O outro problema é que a arte no Brasil é pouco reconhecida, pouco difundida e pior ainda para a poesia. Não se vive de poesia no Brasil. Para se ter visibilidade é preciso investir dinheiro mesmo, em prêmios, concursos… No Brasil só se dá visibilidade à arte quando se tem o ritual. Isso é uma tendência no mundo e mais latente no Brasil. No Brasil você precisa passar por alguns rituais: uma publicação num site, numa revista, em livro, mais premiações, mais concursos etc. Acho que isso responde um pouco sobre essas diferenças.

MT – Sua página confirma muitas das suspeitas que eu já vinha alimentando, e é bonito ver confirmadas as qualidades que a gente já supõe, né?

A página já nasceu com identidade e com um percurso definido. Ela já nasceu com um discurso completo. Deixa pra nós um poema seu que, para você, aponte um pouco para esse lugar da página – de ser um espaço de radicalidade, de tomada de consciência

Flávia Andrade – Acredito que há uma intenção definida, mas o percurso só o tempo vai definir, transformar e re-transformar. Acredito que a poesia está plenamente viva e pulsante, a página é a prova disso: as mulheres poetas tem feito a poesia pulsar. Claro que há uma infinidade de poetas contemporâneos homens que são incríveis, mas há a necessidade de afirmar e reafirmar as vozes poéticas das mulheres. A produção delas traz outros lugares de vivência, existência, estética, outras dores e outras feridas na carne.

Nesse sentido, acho que cabe eu trazer um dos poemas mais recentes que escrevi e que deve entrar no segundo livro a ser lançado (sem previsão por enquanto).

Deixo aqui os versos:

Microversos da carne-viva

saber a perda antes da perda dói mais

pisar no tempo da cidade indolor

Procurar abrigo na pele rasgada pelo sentido

a mulher é o bicho que pisa o tempo

em carne-viva

MT – Lindo. Tem a característica de comentar o processo da dor. E reagir. Saber da dor e vivê-la porque processo. Ressignifica o impacto… Realmente, serve enquanto metáfora para a nossa conversa!
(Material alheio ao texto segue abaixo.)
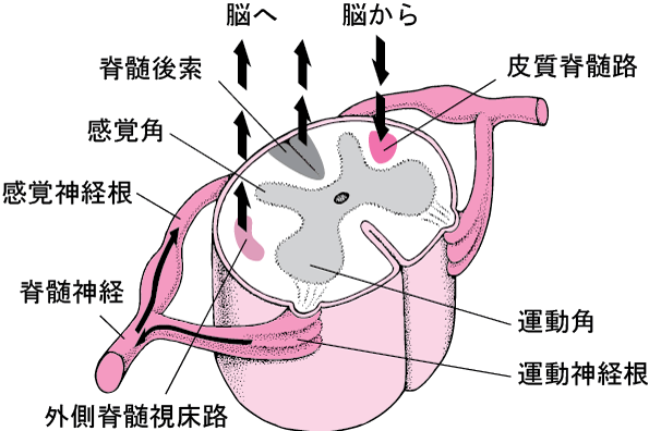 脊髄にある神経は、 脳と他の部位との間でやり取りされるメッセージを伝達します。

Flávia Andrade – Exatamente. Uma metáfora pra nossa conversa.

A mulher enquanto ser histórico, a travessia da humanidade, a sobrevivência e a criação. Mas, sobretudo, a mulher enquanto transformação do ser.

A mulher vive apesar dos silenciamentos e a poética das mulheres pulsa apesar das tentativas de silenciar. Por isso a mulher é o bicho em carne viva.

Isso é um caminho do meu segundo livro. Mas não vou dar spoiler rsrs.

Só adianto que há muitas poetas contemporâneas falando em mim: Mar Becker, Ingrid Morandian, Wanda Monteiro, Manu Bezerra, Natasha Felix, Danuza Lima e muitas outras…

Agradecemos pela leitura da nossa entrevista.

,Sobre a autora:

Flávia Andrade é psicóloga, poeta e docente. Mestre em Filosofia e doutoranda em Psicologia de formação; poeta e inquieta de pele. Autora do livro “A cidade do tempo cão e outros poemas de fissuras” (Editora Patuá). Seu primeiro livro foi citado entre os 20 destaques na categoria poesia de 2020 no site Literatura e Fechadura. Teve poemas publicados em várias revistas de literatura como: Ruído Manifesto, Mallarmargens, Acrobata, Arribação, Revista Toró etc. Curadora da página Mulheres na Poesia.